Sustainable Acrylic Acid Making via Acetic Acid–Formaldehyde Condensation: The Highly Selective and Durable VPO-TiO<sub>2</sub> Catalyst Accomplished by VPO Phase Control and Wet Co-Mechanical Milling
Jun Liu, Pengcheng Wang, Peiwen Xu, Zhijia Xu, Xinzhen Feng, Weijie Ji, Hamidreza Arandiyan, Chak‐Tong Au
Abstract
On the basis of the precise phase control of vanadium phosphorus oxides (VPOs), nanosized TiO2 was employed as a dopant/dispersant to fabricate a series of VPO-TiO2 catalysts through a wet mechanical co-milling process. The resulting catalysts showed outstanding durability plus excellent target products [acrylic acid (AA) + methyl acrylate (MA)] selectivity via acetic acid (HAc)–formaldehyde (FA) condensation. Over an optimized catalyst of 20% VPO-TiO2, the (AA + MA) selectivity being 85% (HAc input-based) at a yield level >60% (FA input-based) can be achieved after 180-h running, the best known to date over the VPO-based catalysts.
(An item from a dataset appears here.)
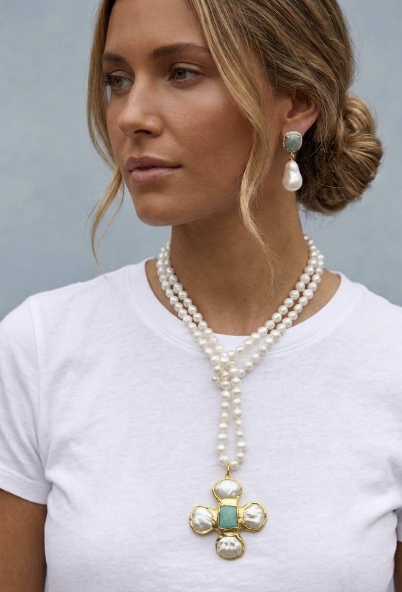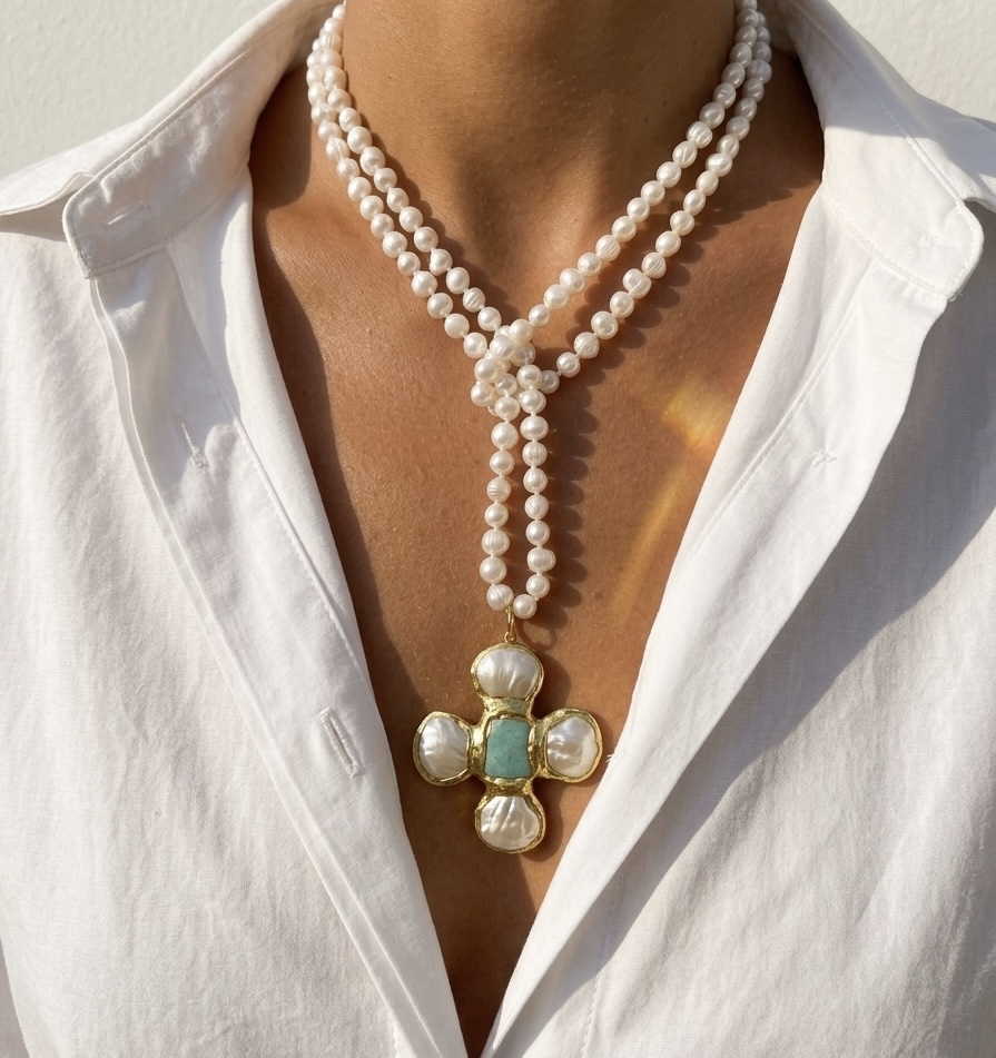 Cannes Pearl Cross necklace

The detailed characterizations including X-ray powder diffraction, Raman spectra, XPS, and H2-TPR indicated that the V5+ in the original VOPO4 phase would be partially reduced in the presence of TiO2 after the milling process in the cyclohexane medium; and the partially reduced VOPO4 phase together with the decorated TiO2 component stabilized the remaining V5+ entities and considerably slowed down the continuous reduction of surface V5+ species, accounting for substantially enhanced catalyst durability as well as target product selectivity. The NH3-/CO2-TPD results demonstrated that the surface acid–base property also varied notably with the VPO content which in turn controlled the HAc conversion and (MA + AA) selectivity accordingly.